# 15% all around!



## danimal (Oct 4, 2011)

Just finished get my tint done. This makes the car look so good! Wish I would have done it sooner!


Sent from my Autoguide iPhone app


----------



## JMORIN (Jun 2, 2012)

Looks real good with the black!


----------



## NYCruze2012 (Jan 16, 2012)

Your Cruze is looking mighty sharp!

Sent from my DROID3


----------



## danimal (Oct 4, 2011)

Thanks! Got to love the all black!


Sent from my Autoguide iPhone app


----------



## bh04 (Aug 5, 2011)

Looks great! Black windows with a black car. Always a favorite


----------



## ErikBEggs (Aug 20, 2011)

Looks great. Tint looks really nice on the Cruze. Pity most can't get away with going that dark...


----------



## Vetterin (Mar 27, 2011)

ErikBEggs said:


> Looks great. Tint looks really nice on the Cruze. Pity most can't get away with going that dark...


+1. I had to go 35% cause I wouldn't even chance 20%....although I really wanted to.


----------



## gman19 (Apr 5, 2011)

Love it! Looks real sharp on that black!


----------



## danimal (Oct 4, 2011)

Thanks! It's proved itself to be real nice when it was 97 yesterday!

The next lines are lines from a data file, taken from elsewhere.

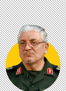
انتقاد عجیب سردار طلایی نیک

سخنگوی وزارت دفاع شاهنامه دوشنبه در مراسم یاد یاران شهرستان پاکدشت با اشاره به اقدامات اخیر دولت در یکبار چه رفقای که درباره لولایج مربوط به FATF رخ داد که چند سال است که این ها را نگه داشته اند، در حالی که یکی را مجلس تصویب کرد و شورای نگهبان هم تأیید کرد و یکی دیگر را مجلس تصویب کرد و شورای نگهبان هم اشکال گرفت که قابل رفع بود، بعد رفت در جمع تشخیص و هیأت نظارت، جلوش را گرفتند. اگر تصویب می شد چقدر مؤثر بود در وضع اقتصاد کشور؟! خوب، این نشان می دهد که آن تصمیم گیرنده نهایی مجلس نیست.
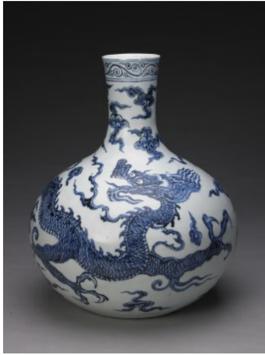
北京故宫博物院藏品
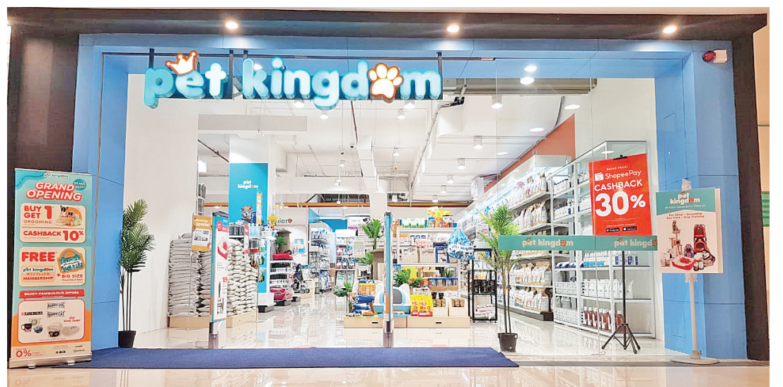
Pet Kingdom 在 AEON 商场 B1 楼

的安全和舒适放在首位。 通过在 AEON Mall 购物中心 Sentul 开设 ACE 五金工具超级店和宠物王国 (PET Kingdom)，希望通过各种优质的产品以及友好而机敏的员工服务，支持茂物县民众的生活方式，并改善他们的生活质量。 ACE 位于 2 楼，提供满足家庭和生活方式需求的
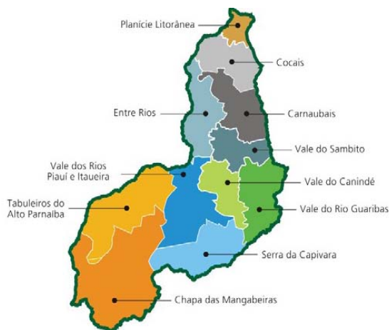
MAPA: Nº 01

37. Observe o mapa abaixo e indique a localização do município de Francinópolis na nova geografia do desenvolvimento:
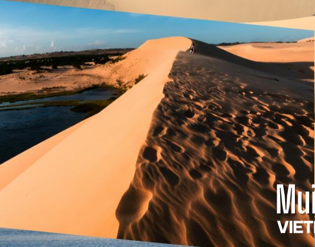
Mui Ne VIETNAM

Sent from my Autoguide iPhone app


----------



## susan421 (Apr 17, 2012)

OMG black tint look great, now you can see your face in it ................


----------



## myselfalex (Jun 13, 2012)

****, that is one helluva clean look with the all black then the blinging rims below.


----------



## susan421 (Apr 17, 2012)

*Cruze in Black*

cruze in all black. Luv it. Have you taken a pic in its reflection? That’s the best part of a blackky. Cool work though!


----------